학술논문

The design of an intrinsically safe ground penetrating radar for detecting abandoned workings in underground coal mines
Document Type
Conference
Source
2012 14th International Conference on Ground Penetrating Radar (GPR) Ground Penetrating Radar (GPR), 2012 14th International Conference on. :125-130 Jun, 2012
Subject
Fields, Waves and Electromagnetics
Geoscience
Power, Energy and Industry Applications
Ground penetrating radar
Conferences
coal
ATEX
intrinsically safe
tunnels
Language
Abstract
Underground coal mines worldwide often face significant operational risks due to the presence of unmapped or inaccurately mapped abandoned workings. Generally, these workings are below the water table and are flooded under high pressure. Present longwall or room-and-pillar operations may inadvertently breach the barrier into flooded abandoned workings and produce disastrous consequences. To mitigate this risk, legislation requires that no mining should occur within certain distances of possible historical workings. With coal mines increasing production rates to meet global demand, the restriction imposed by these buffer zones can be costly and inefficient. Geophysical applications within coal seams have been discussed in numerous works. In-seam seismic methods, though of sufficient resolution to possibly detect distant water-filled tunnels, require the use of explosives or impact sources and non-intrinsically safe equipment.
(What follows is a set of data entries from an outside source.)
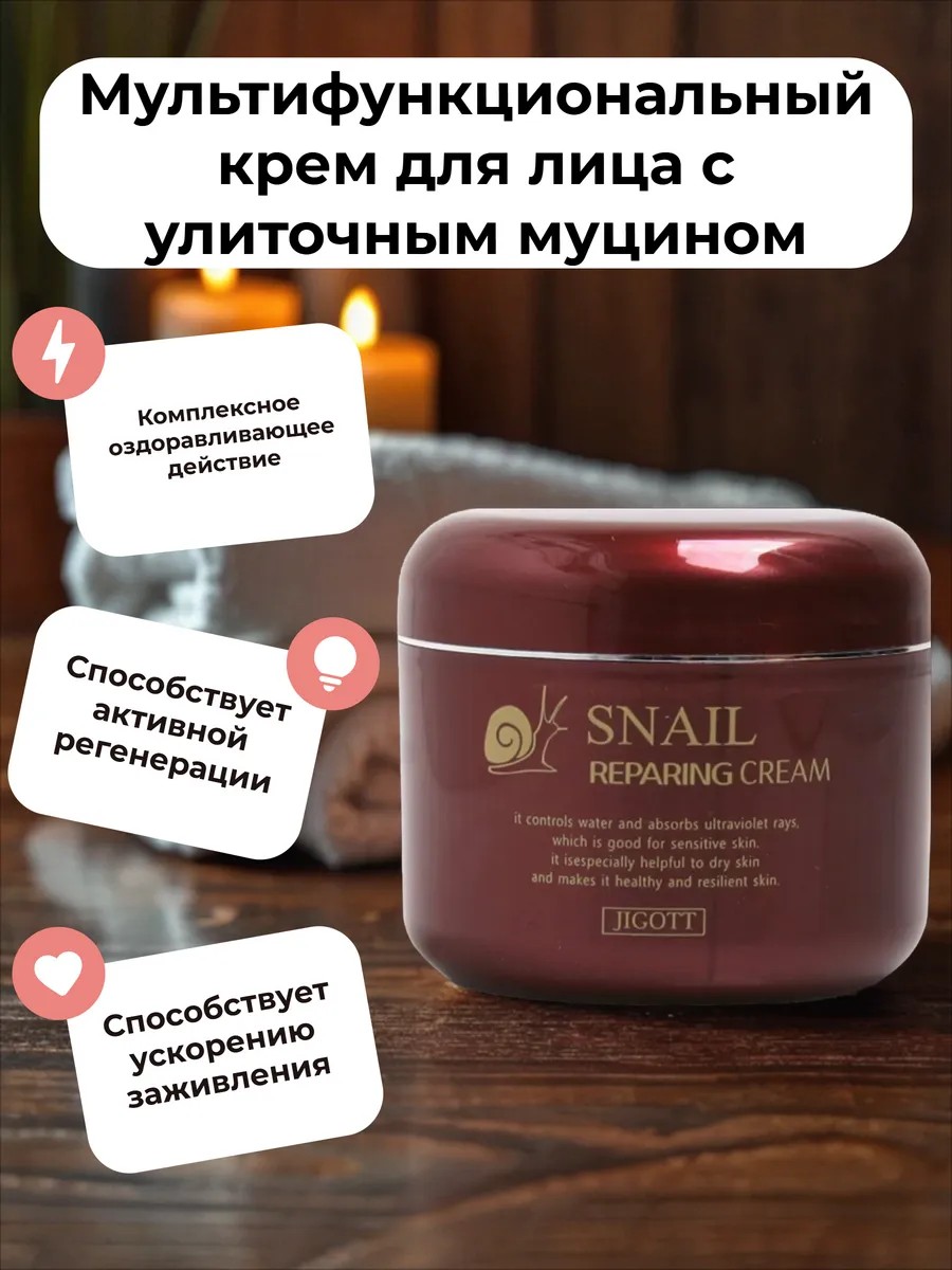 Многофункциональный крем с улиточным муцином JIGOTT Snail Reparing Cream эффективно восстанавливает как сухую увядающую, так и подростковую проблемную кожу.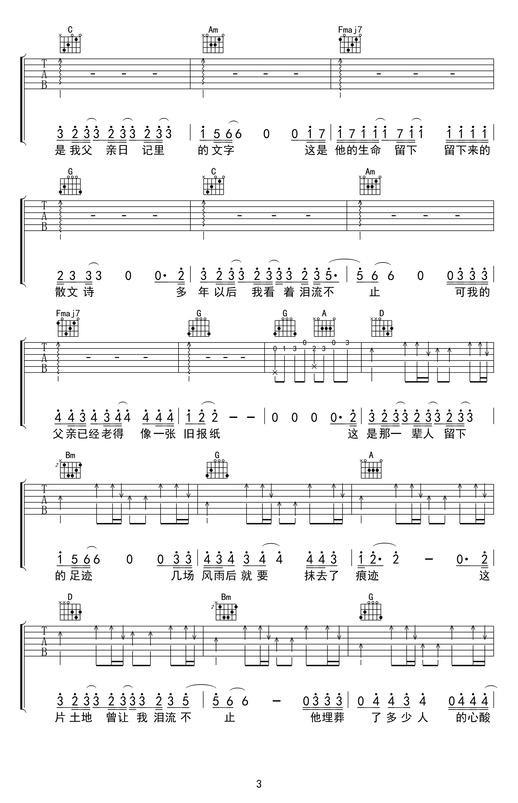 《李健《父亲写的散文诗吉他谱》(C调)》内容来自于互联网,不能保证内容的准确性与完整性,仅供学习交流欣赏,请勿用于其它用途,内容版权归原作者及来源网站所有,如有侵犯到您的权益请来信告知,我们将及时删除。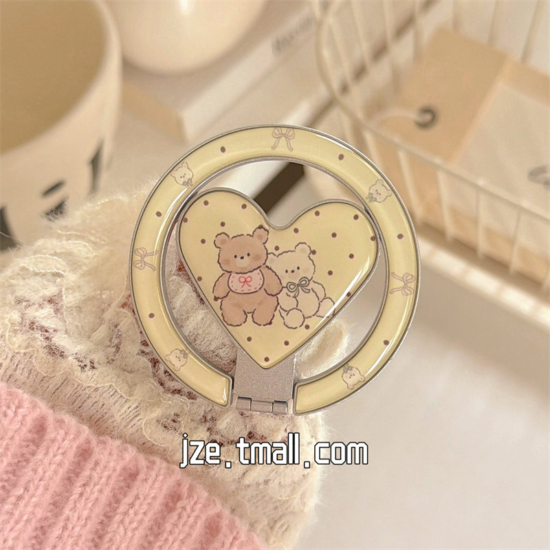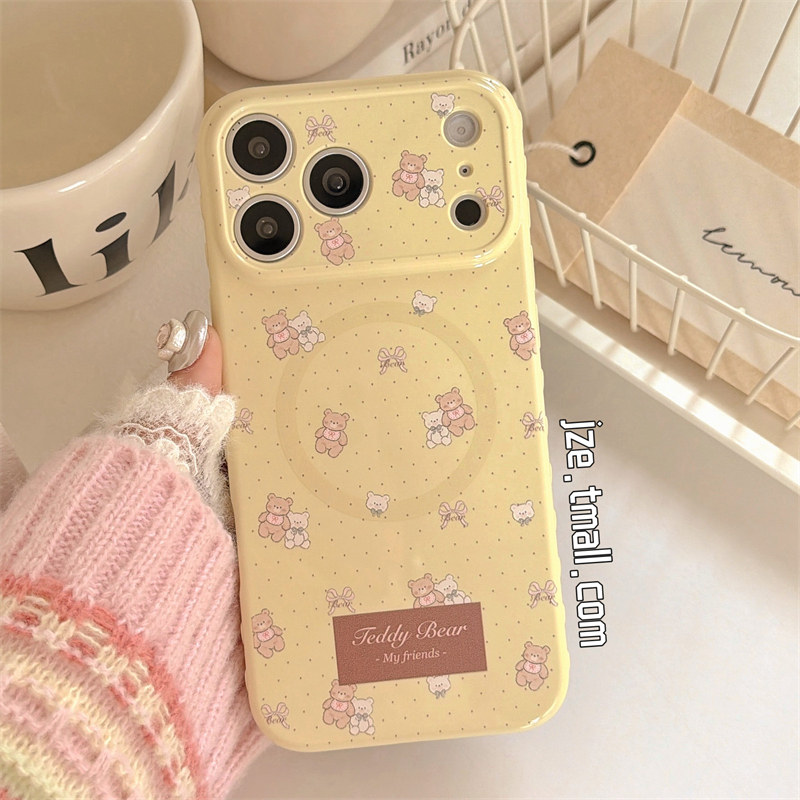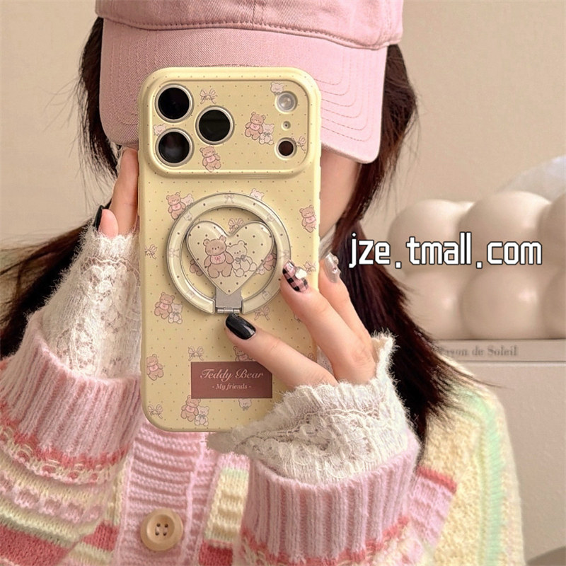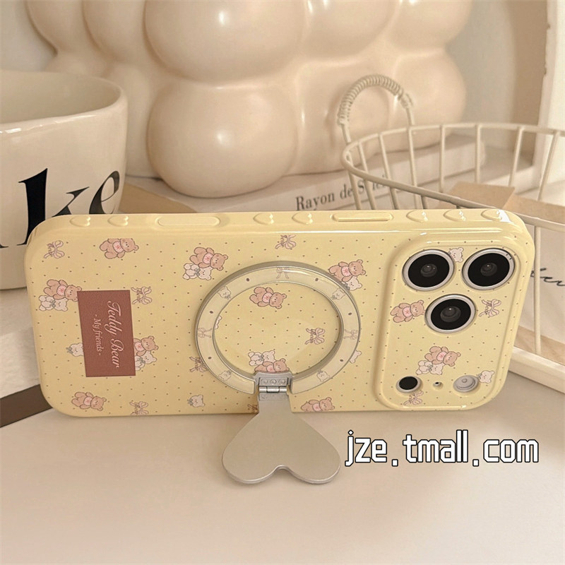 jze 可爱奶油黄波点爱心小熊磁吸支架适用苹果17ProMax手机壳日韩iphone15新款16pro女17pro全包14防摔手机套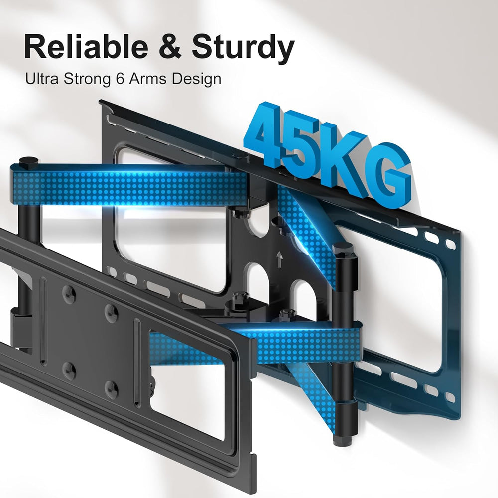 - Solide und Zuverlässig: Das ultrastarke 6-Arm-Design und die Konstruktion aus hochwertigem kaltgeformtem Stahl gewährleisten die Sicherheit und Zuverlässigkeit der robusten TV-Halterung. Jede TV-Halterung wurde auf Festigkeit getestet, um die
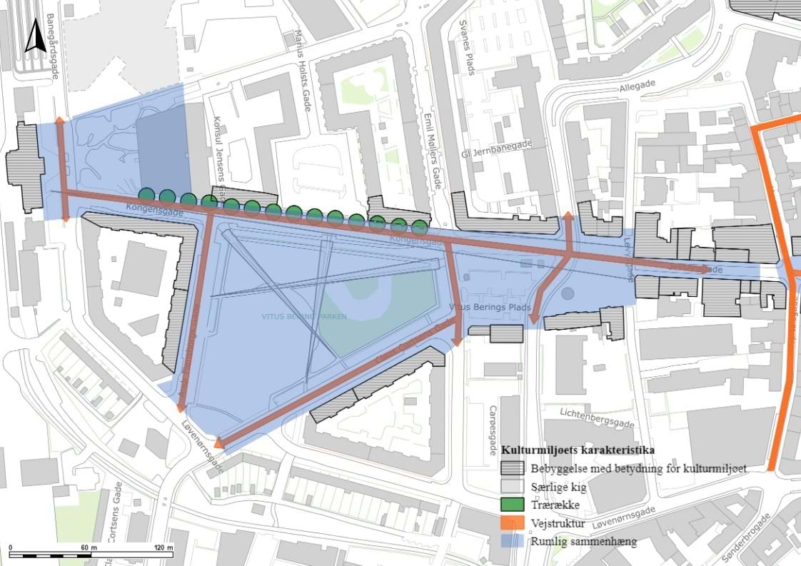 Kulturmiljøet er sårbart overfor ændringer i den rumlige sammenhæng - variationen af byrum og i arkitektur og skala i bebyggelse med betydning for kulturmiljøet.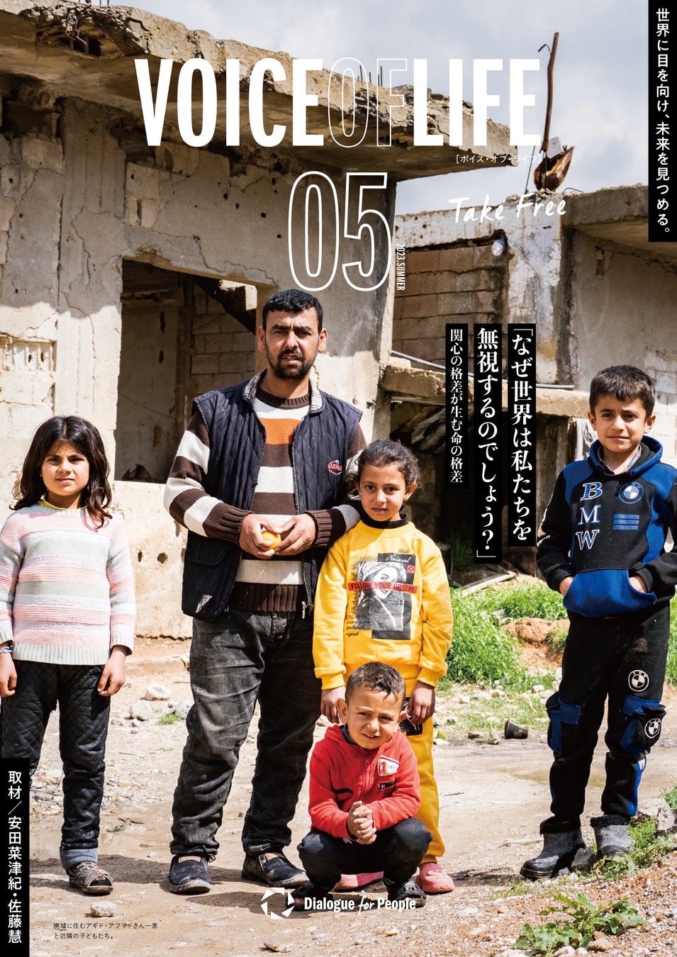 2023年夏発行の第5号のテーマは、「なぜ世界は私たちを無視するのでしょう?」関心の格差が生む命の格差。今春取材に赴いたシリア北東部に暮らす人々への取材レポートをお届けします。2011年から戦争が続き、現在も政権やその後ろ盾のロシアによる市民の弾圧が続くシリア。2023年2月6日、そのような状況に追い打ちをかけるように、一帯を大地震が襲いました——。現地の方々の声を、写真と文章で感じていただければ幸いです。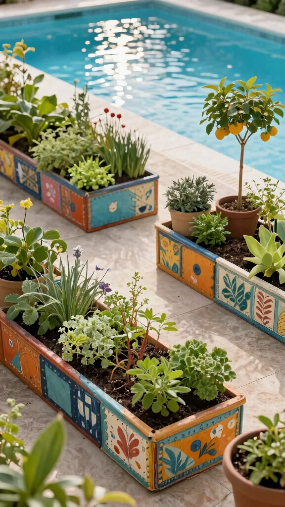 Consider using raised beds made from recycled materials to house your plants along with decorative elements that enhance the visual appeal. This will turn your poolside into a productive and attractive area.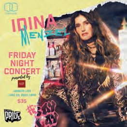 Meet Me @ The Altar— which plays the big St. Pete Pride Parade concert on Saturday (see more on p. 50)—is just the tip of the spear when it comes to St. Pete Pride’s stacked entertainment calendar, and other big names on the bill include Carson Kressley, Malaysia Babydoll Foxx, Ts Madison and more. Idina Menzel (pictured) hasn’t really toured since a 2018 run of arena shows with Josh Groban. It’s been six years since she’s been to town. Later this year, she will release her seventh studio record, Drama Queen , a dance album described as a love letter to the LGBTQIA+ community, as well as a children’s book, set for release in September. St. Pete Pride pre-party concert.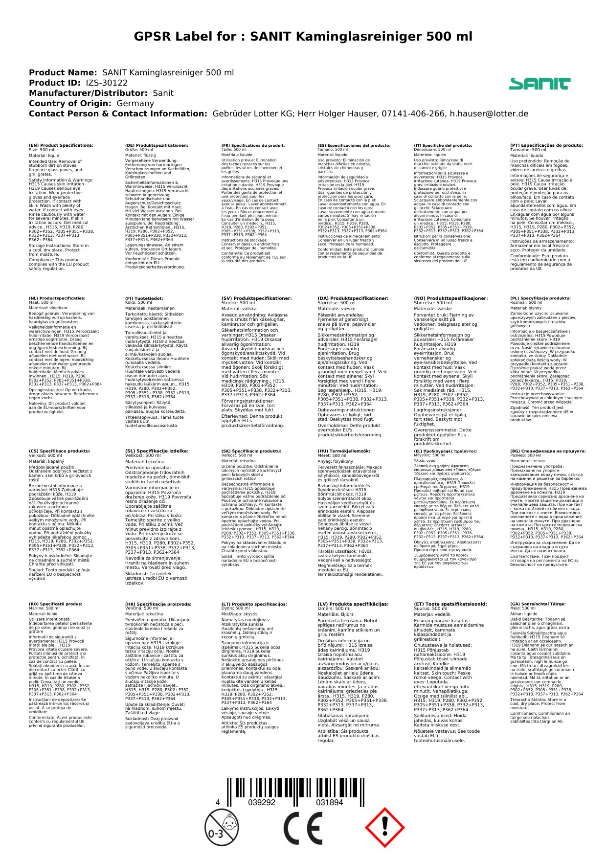 - P305/351/338 – I gcás teagmhála leis na súile: Sruthlaigh go réidh le huisce ar feadh cúpla nóiméad. Bain lionsaí tadhaill, má tá siad ann agus éasca a dhéanamh. Lean ort ag sruthlú.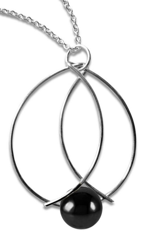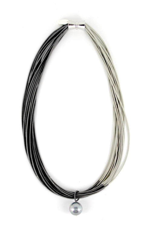 Piano Wire Necklace 2 Tone Slate and Silver with Gray Pearl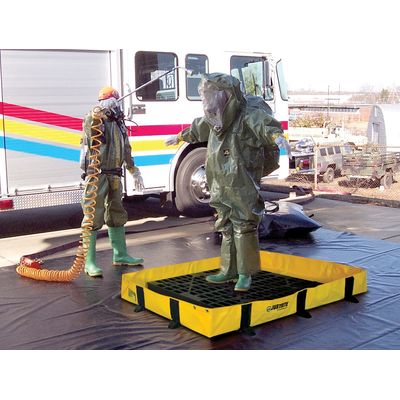Lightweight and folds down for easy storage and reuse to capture overfill spills from fuel tanks and refueling operations, hydraulic leaks and breaks, damaged saddle tanks, and leaky batteries. Use with optional grates as a decon station—short 8-in (293-mm) height for easy step-over.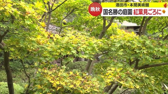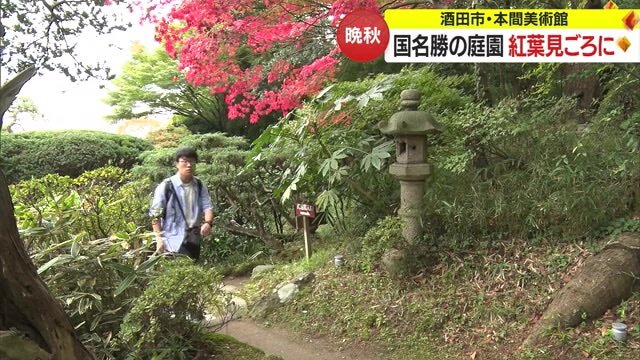 国の名勝指定の庭園・本間美術館「鶴舞園」紅葉見ごろに 風情…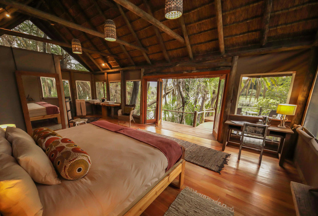 Main Area Fire Place and Deck Overlooking the Okavango Panhandle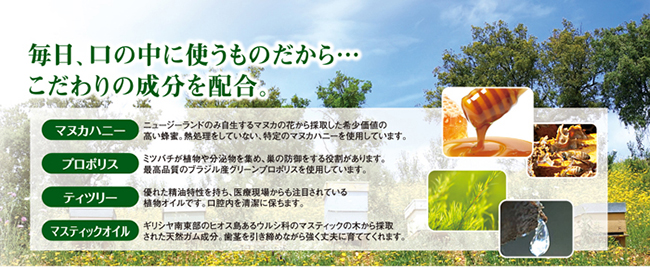 ネバつきを抑え、爽やかな清涼感で口臭を防ぎます。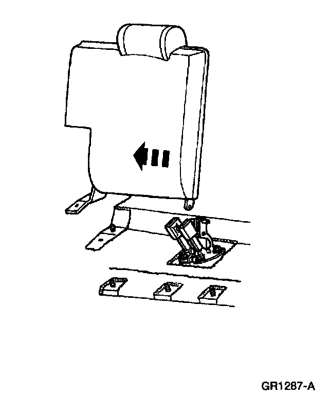 1. Install the seat back (with link arm) onto the pin on the center pivot bracket and position the seat onto the floor pan.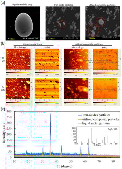 | Properties-Sample Sizes (Test Conditions) | Utilized Composite Particles | Iron–Oxide Particles | Liquid Metal Ga | |||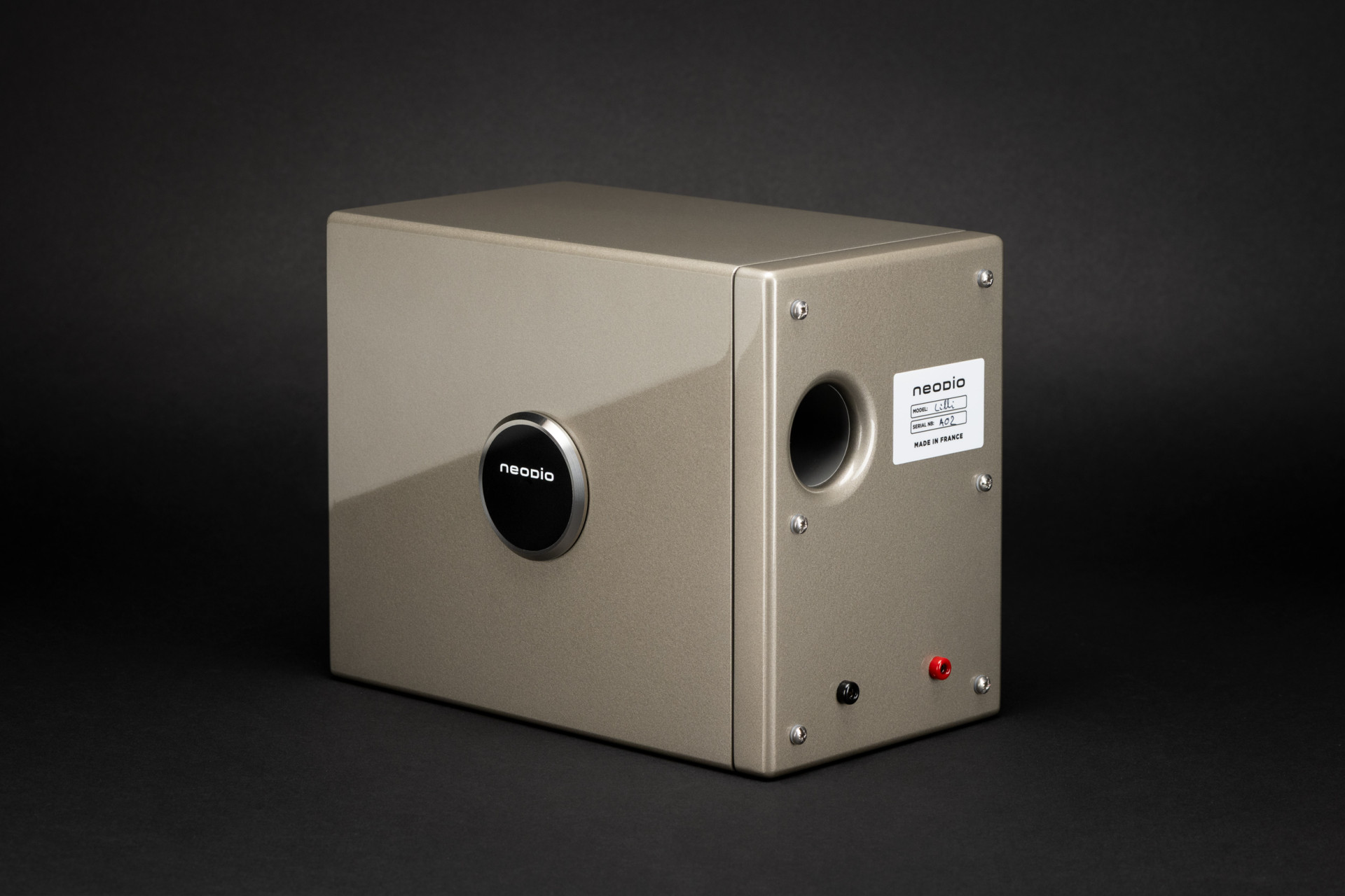 Externally, the diminutive cabinet is painted with a gloss metallic finish in what is euphemistically called Mouse Grey – meaning something that has shades of both beige and grey, along with a metallic hint that’s perhaps suggestive of Titanium. What I can tell you is that it’s a colour that tends to take on and tone with its surroundings. Other RAL colours could be specified with order, but that would incur additional cost. Neodio also offers a matching stand for the Lilli which looks conventional enough but which, rather than welded or bolted metal construction, is glued together from the same HDF material as the cabinet, the goal being a light, rigid and non-metallic structure. Naturally, it can be ordered with Neodio’s excellent Harmonie footers, in place of conventional, M8 spikes.
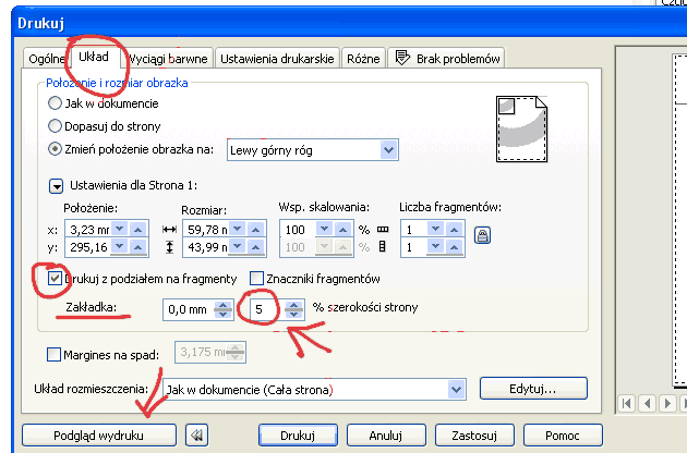 W zalaczeniu scren gdzie masz zaznaczone te wazne funkcje odpowiedzialne za podzial na fragmenty, i drukujesz oczywiscie spod tego corela bezposrednio na drukarke.

Electrical methods are omnidirectional when employed underground, resulting in ambiguous readings that may originate from adjacent coal seams. Ground-penetrating radar is reasonably directional but requires well-shielded antennas to reduce the occurrence of multiple reflections reverberating from the opposing tunnel wall. Presently, the lowest frequency shielded antennas that are commercially available are centered at 100 MHz. Achieving adequate penetration and sufficient resolution to detect a distant tunnel is shown to require approximately 40 MHz center-frequency antennas. We discuss the development and application testing of a novel low-frequency intrinsically safe impulse radar system for use in gaseous coal mines. The technology is portable and deployed with one-button acquisition for use by mine personnel. Although seam rolls and faults as well as coal anisotropy can limit tunnel detectability, the preliminary results demonstrate the viability of the technical approach.